ABOUT THIS EXERCISE: Transcribe exactly, and only, the lines that fall between the line containing "胡英对中国华融以下违法违规行" and the last line of the material, both ends included, omitting any pictures.

DATA SEGMENT:
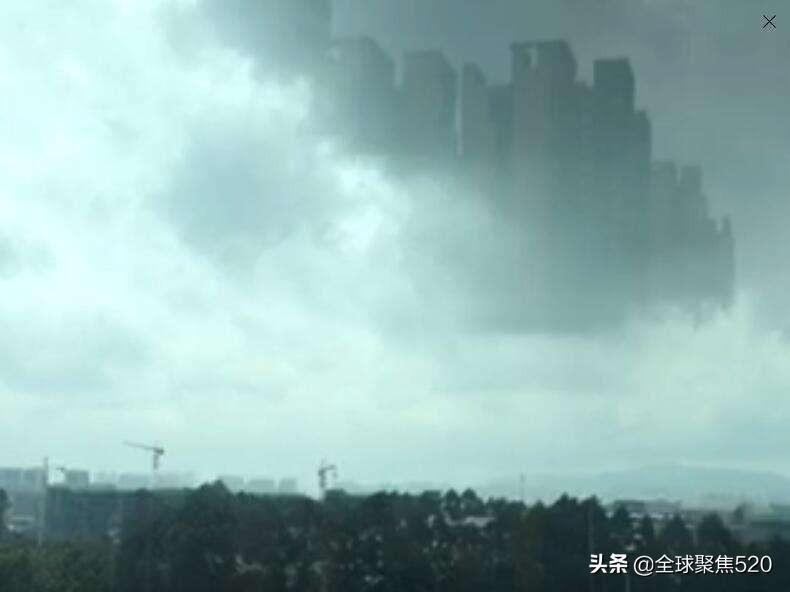 2012年5月2日下午,一阵大雨过后,在广东汕头中环大厦西北方向天空出现连绵起伏的山脉,而平时在该角度望去是看不到山的,所以应是海市蜃楼现象。
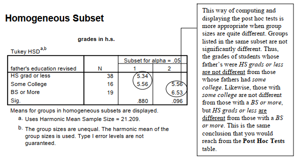 - Check Tukey because, for grades in h.s., the Levene’s test was not significant so we assume that the variances are approximately equal.
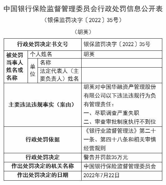 胡英对中国华融以下违法违规行为负有直接责任:一、尽职调查严重失职;二、审查审批制度执行不到位。中国银保监会依据《银行业监督管理法》第二十一条、第四十八条和相关审慎经营规则,对胡英警告并罚款35万元。
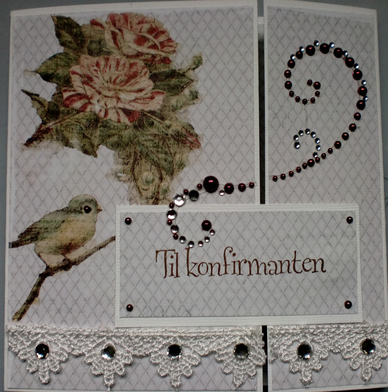 I likhet med det forrige kortet er dette laget med mønsterpapiret Beata Krem fra Kort og Godt. Nederst har jeg brukt "lace & pearl boarder" fra Prima, som jeg fikk i pakken fra Papirihjertet i dag.

RESPONSE:
 胡英对中国华融以下违法违规行为负有直接责任:一、尽职调查严重失职;二、审查审批制度执行不到位。中国银保监会依据《银行业监督管理法》第二十一条、第四十八条和相关审慎经营规则,对胡英警告并罚款35万元。
 I likhet med det forrige kortet er dette laget med mønsterpapiret Beata Krem fra Kort og Godt. Nederst har jeg brukt "lace & pearl boarder" fra Prima, som jeg fikk i pakken fra Papirihjertet i dag.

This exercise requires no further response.